**Aim of the task**: The required output is an exact copy of the lines from the one containing "湖人队内线猛将艾顿,在此役强" through the end of the entries below, with pictures removed.

Exercise inputs section start

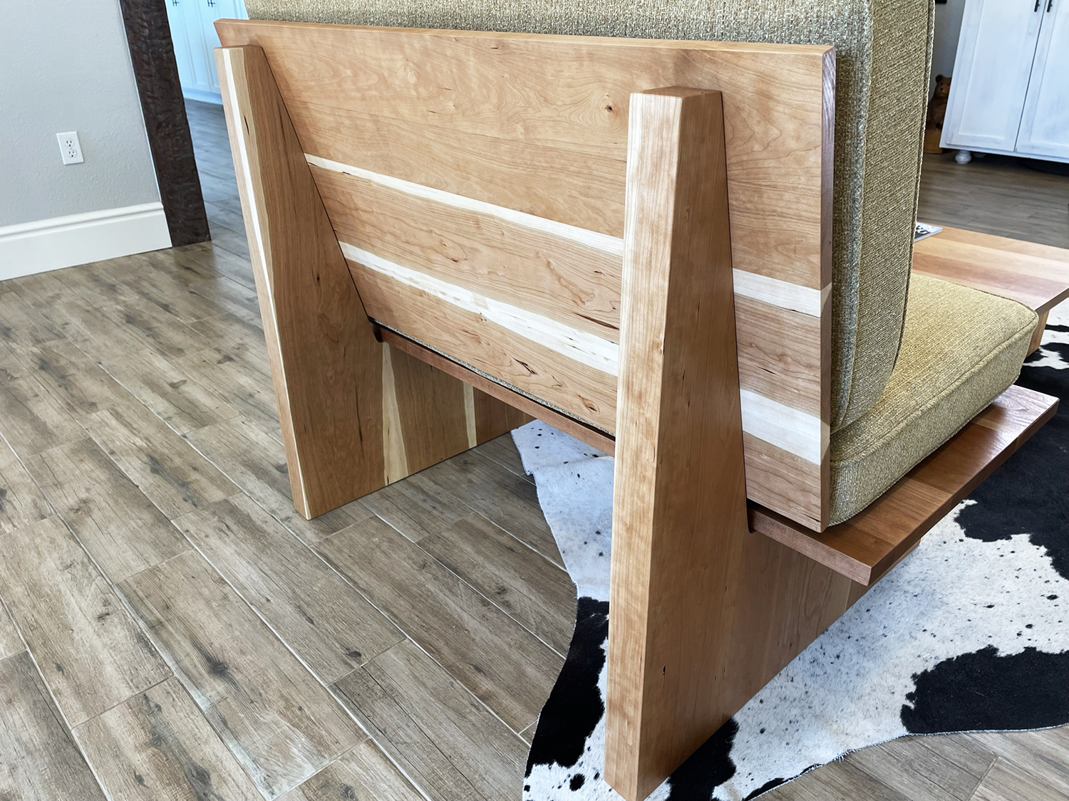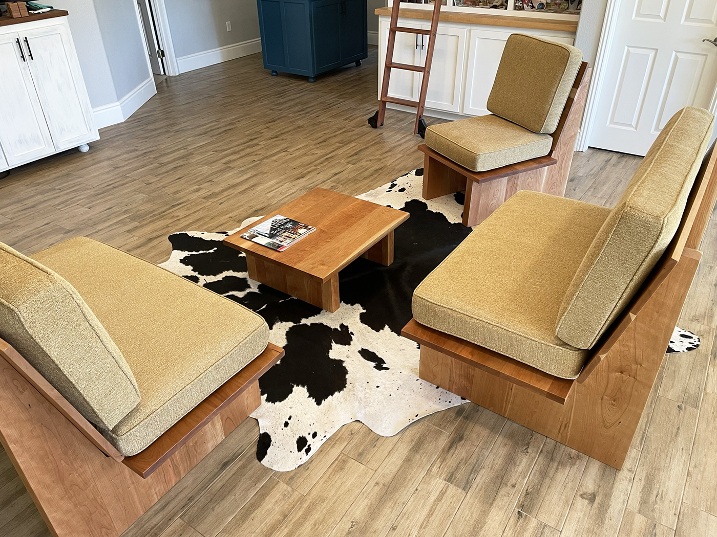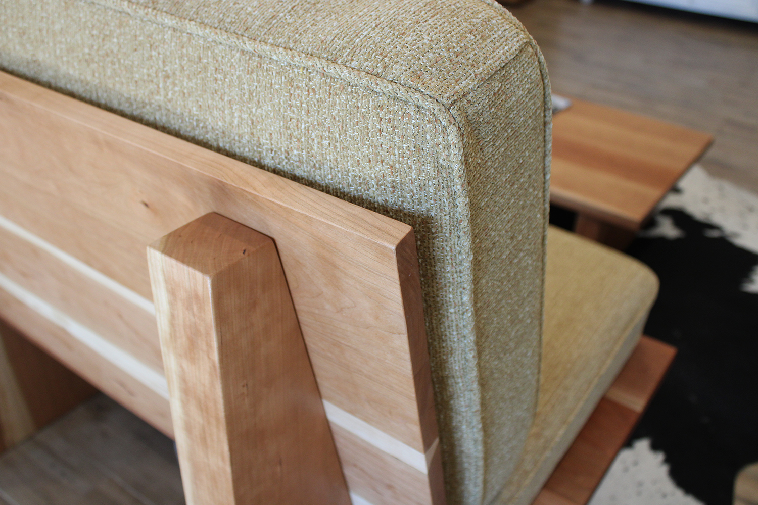 The Felten Collection is a complete living room set inspired by platform sofas and the midcentury modern aesthetic. Built with care and traditional craftsmanship, the set includes two sofas, a chair, and a coffee table. Each piece is crafted from solid American Black Cherry that provides a natural warmth while the design strikes a balance between chunky and elegant, striving to present a refined and highly functional furniture collection. Finished with hand-rubbed oil urethane, the Felten furniture was crafted to provide a lifetime of enjoyment.
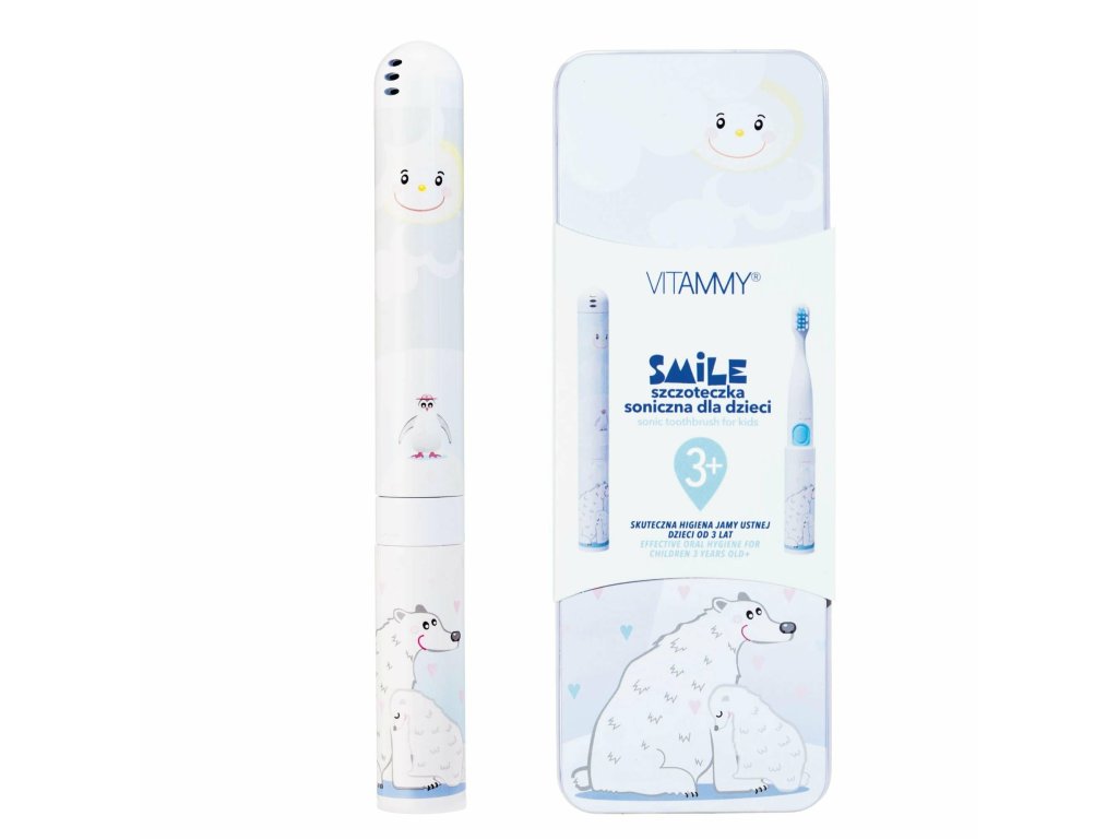 Vitammy Smile je sonická zubná kefka vytvorená s ohľadom na tých najmenších, ktorá kombinuje moderné technológie s rozprávkovým dizajnom. Vďaka sonickej pulzácii 8-14 tisíc pohybov za minútu účinne odstraňuje zubný povlak a stará sa o zdravie ďasien a zároveň podporuje deti v učení sa čistiť si zuby. Ľahký, ergonomický dizajn a mäkké vlákna umožňujú bezpečné a pohodlné používanie od 3 rokov. Vodotesné puzdro, praktický ochranný kryt a kovové puzdro pomáhajú udržiavať hygienu a ukladajú všetko príslušenstvo na jednom mieste. Farebné dizajny od Marty Bileckej z nej robia nielen funkčnú pomôcku, ale aj obľúbenú vychytávku pre deti.
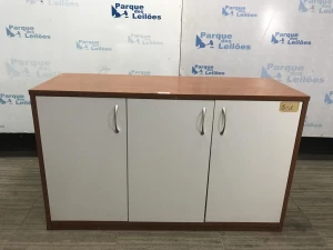 O1 ARMÁRIO BAIXO EM MADEIRA CLARA COM TRÊS PORTAS. TAG ( N/A ) PAT 62856 (NO ESTADO).
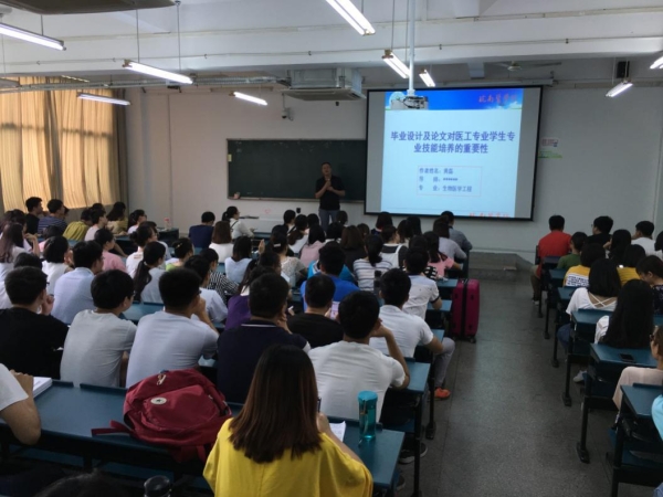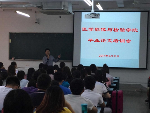 为进一步做好毕业论文指导工作,提高本科生毕业论文(设计)质量,5月31日上午,医学影像与检验公司在东教1104教室召开了毕业论文(设计)培训会。医学工程学教研室主任黄磊和临床检验诊断学教研室老师路勇进行培训讲解,2014级医学检验技术与生物医学工程全体同学参加培训。
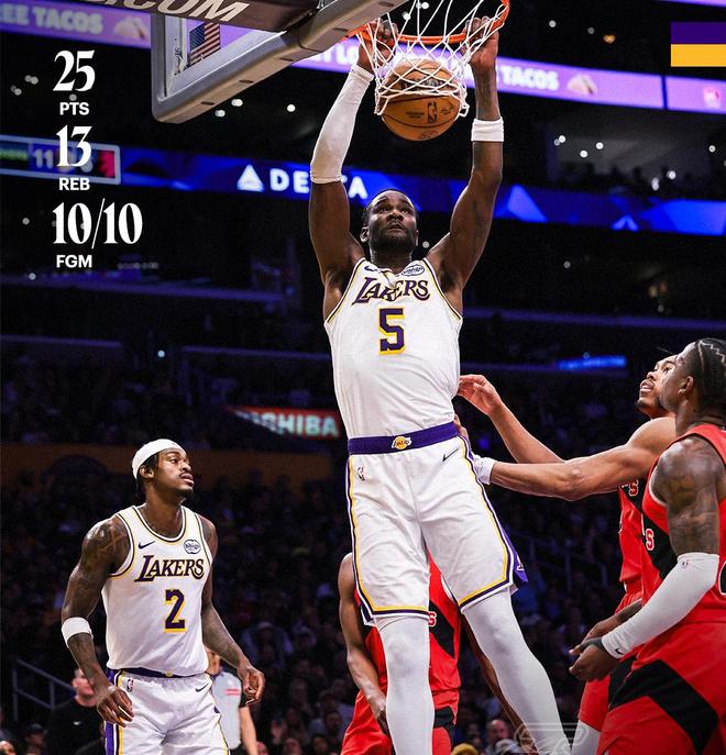 湖人队内线猛将艾顿,在此役强势暴走。艾顿出战33分钟,10投全中,6罚5中,狂轰25分13板1助攻1帽的两双数据。艾顿以100%的命中率轰下了全场的最高分,他还是此战的篮板王。攻防两端,艾顿都打出了堪称完美的表现。
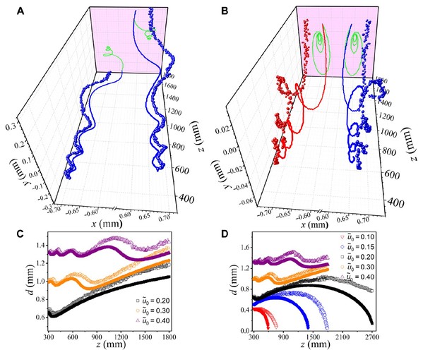 图1:自由空间中PPVPBs的涡旋轨迹与涡旋间距变化。(A和B)相对离轴距离ũ₀=0.4时,不同拓扑荷下的涡旋轨迹图,其中(A)m₁ = m₂ = 1,(B)m₁ = -m₂ = 1。图中蓝色与红色点分别表示正涡旋与负涡旋的实验运动轨迹,实线为理论预测结果,绿色线为其在xy平面上的投影。(C和D)在不同ũ₀下,涡旋间距的传输演化过程,其中(C)m₁ = m₂ = 1,(D)m₁ = -m₂ = 1。
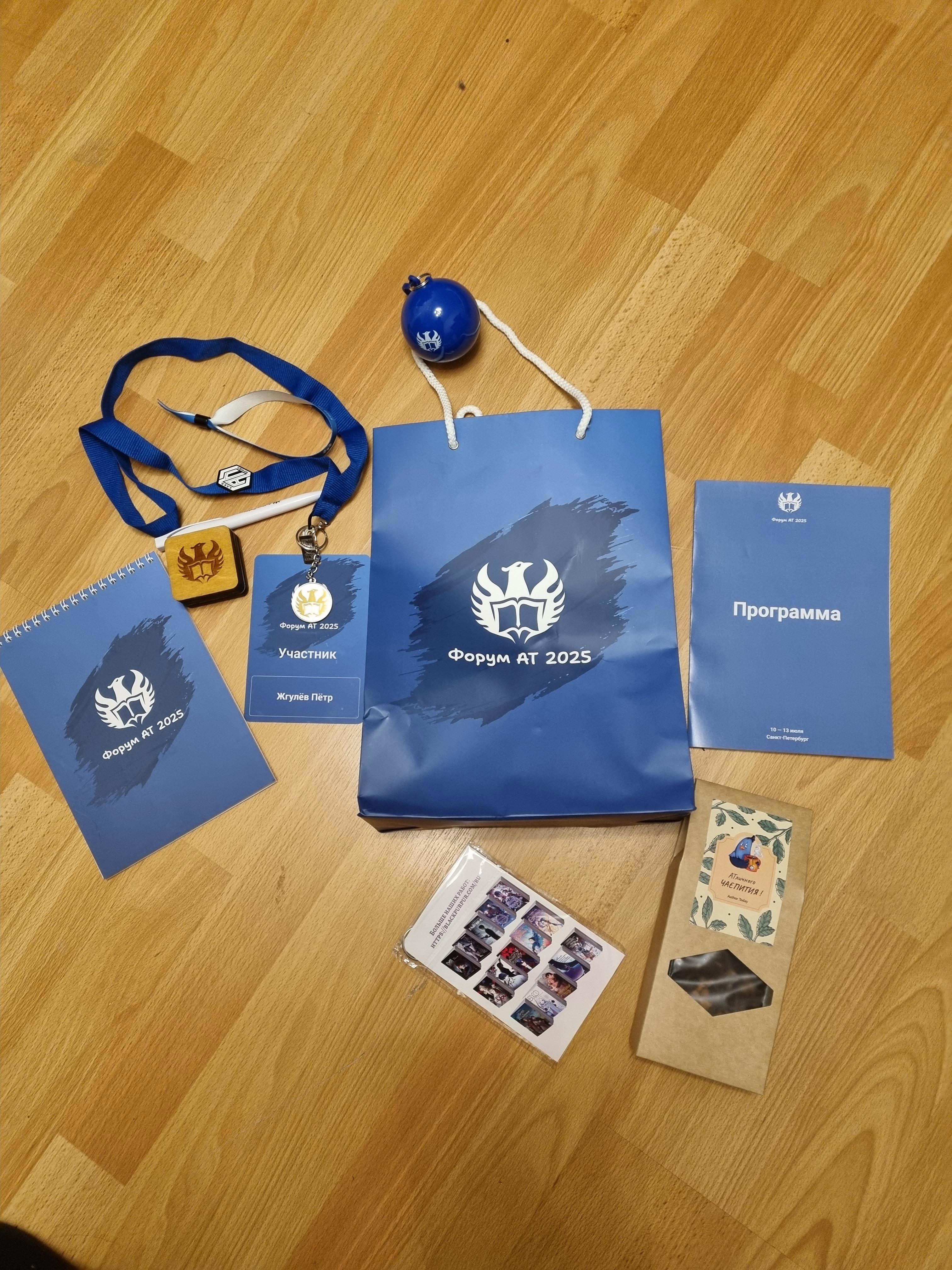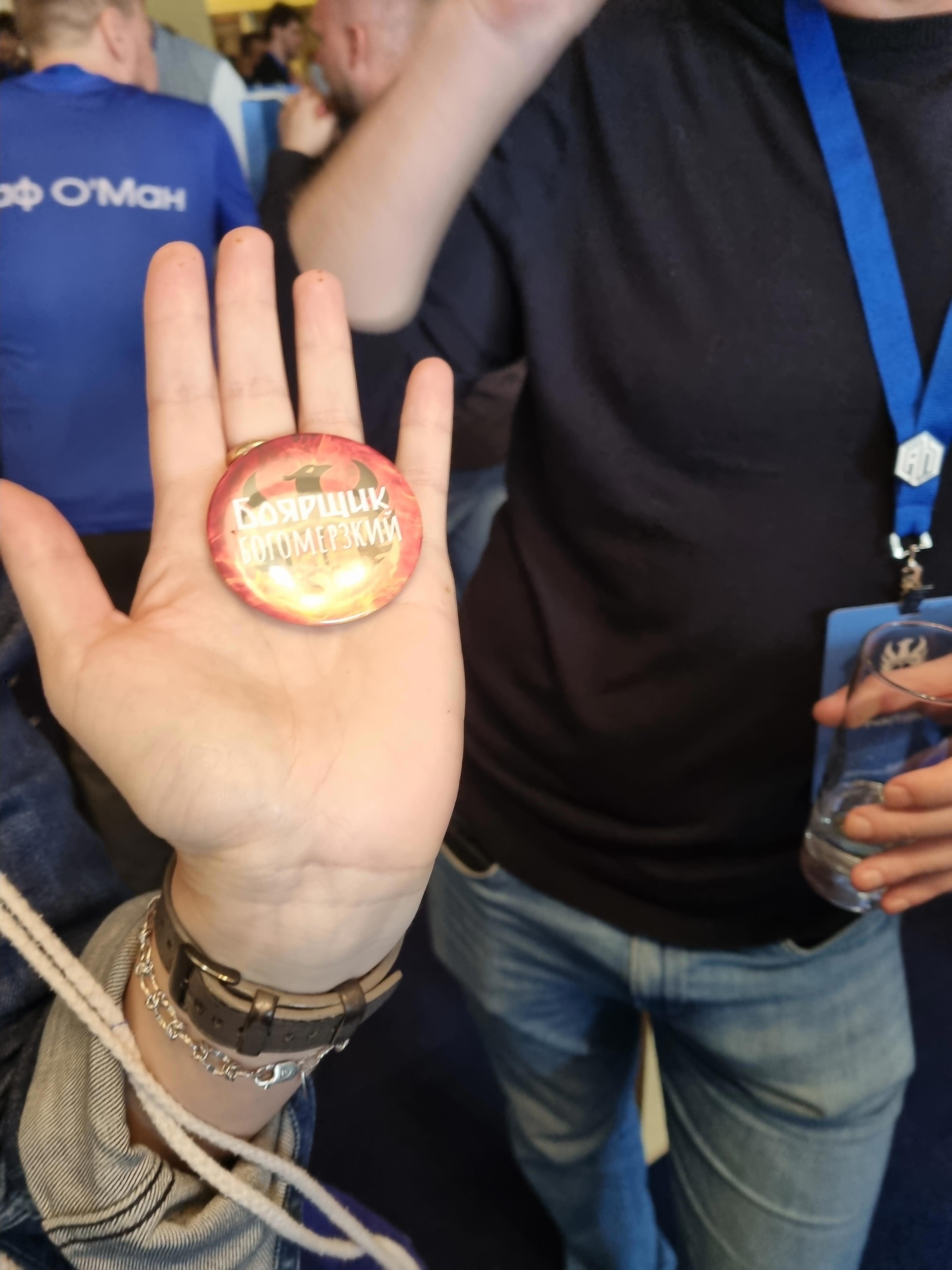 Там я получил симпатичный пакет, внутри которого оказался чай, шарик, ручка, блокнот, програмка, брелок от студии, создающей комиксы + браслет-пропуск. Тут была куча народу и я впервые увидел вживую Дмитрия Мазурова — одного из членов АЛКО-проды. И Дмитрий выдал мне изготовленный по его заказу клубный значок)

Exercise inputs section end

**Task response**:
 湖人队内线猛将艾顿,在此役强势暴走。艾顿出战33分钟,10投全中,6罚5中,狂轰25分13板1助攻1帽的两双数据。艾顿以100%的命中率轰下了全场的最高分,他还是此战的篮板王。攻防两端,艾顿都打出了堪称完美的表现。
 图1:自由空间中PPVPBs的涡旋轨迹与涡旋间距变化。(A和B)相对离轴距离ũ₀=0.4时,不同拓扑荷下的涡旋轨迹图,其中(A)m₁ = m₂ = 1,(B)m₁ = -m₂ = 1。图中蓝色与红色点分别表示正涡旋与负涡旋的实验运动轨迹,实线为理论预测结果,绿色线为其在xy平面上的投影。(C和D)在不同ũ₀下,涡旋间距的传输演化过程,其中(C)m₁ = m₂ = 1,(D)m₁ = -m₂ = 1。
 Там я получил симпатичный пакет, внутри которого оказался чай, шарик, ручка, блокнот, програмка, брелок от студии, создающей комиксы + браслет-пропуск. Тут была куча народу и я впервые увидел вживую Дмитрия Мазурова — одного из членов АЛКО-проды. И Дмитрий выдал мне изготовленный по его заказу клубный значок)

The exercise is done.